Answer:
1) ΔABC ≅ ΔDBC by Side-Angle-Side (SAS)
2) ΔABC ≅ ΔCDB by Side-Side-Side (SSS)
3) ΔABC ≅ ΔDBE by Angle-Angle-Side (AAS)
4) m∠Y = 53°
5) y = 3
6) ΔABC ≅ ΔEDC by Side-Angle-Side (SAS)
7) ΔABC ≅ ΔADC by Angle-Angle-Side (AAS)
8) ΔABC ≅ ΔADC by Side-Angle-Side (SSS)
Explanation:
1) Side AC ≅ Side BD
given
Side BC ≅ Side BC
reflexive property
∠DBC ≅ ∠ACB
given
Therefore ΔABC ≅ ΔDBC by Side-Angle-Side (SAS)
2) Side AC ≅ Side BD
given
Side DC ≅ Side BA
given
Side BC ≅ Side BC
reflexive property
Therefore, ΔABC ≅ ΔCDB by Side-Side-Side (SSS)
3) ∠BAC ≅ ∠DEB
given
Side BC ≅ Side BD
given
∠ABC ≅ ∠DBE
vertically opposite angles
Therefore, ΔABC ≅ ΔDBE by Angle-Angle-Side (AAS)
4) ΔXYZ ≅ ΔABC
given
m∠A = 44°, and m∠C = 83°
m∠B = 180 - (44 + 83) = 53°
Sum of angles in a triangle
m∠Y = m∠B = 53°
Corresponding Parts of Congruent Triangles are Congruent (CPCTC)

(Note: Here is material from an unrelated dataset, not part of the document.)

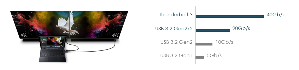 内容创建过程非常耗时,因此数据传输速度是创建者重要的因素之一。 为了满足苛刻的要求,Creator X299配备了包括网络和传输连接在内的疾速解决方案。 双板载LAN(包括一个10G疾速LAN)可确保更高的速度,更好地在短时间内传输4K视频,大尺寸图片和其他大文件。 WiFi 6是全新的无线技术,至多可支持4倍的网络容量和效率。 Thunderbolt 3的速度比USB 3.2快8倍,速度高达40 Gb / s,并为两个同时工作60Hz的4K显示器支持更多的视频带宽,只需一个Type-C连接器即可。

5) Given that Triangle GHK is congruent to Triangle TZK
GH ≅ XT, KG ≅ KT, and HK ≅ ZK by the definition of congruency
Therefore, GH = 4 = XT = 3y - 2
4 = 3y - 2
3y - 2 = 4
3y = 4 + 2 = 6
y = 6/2 = 3
y = 3
6) Side BC ≅ Side EC
given
Side AC ≅ Side DC
given
∠ACB ≅ ∠DCE
vertically opposite angles
Therefore, ΔABC ≅ ΔEDC by Side-Angle-Side (SAS)
7) ∠BAC ≅ ∠DAC
given
∠ADC ≅ ∠ABC
given
Side AC ≅ Side AC
reflexive property
Therefore, ΔABC ≅ ΔADC by Angle-Angle-Side (AAS)
8) Side AD ≅ Side BC
given
Side AC ≅ Side AC
reflexive property
Side AB ≅ Side DC
given that the included angle between the two legs side AD and side AC and side AC and side BC are both acute, the third sides side AB and side DC are equal
Therefore, ΔABC ≅ ΔADC by Side-Angle-Side (SSS)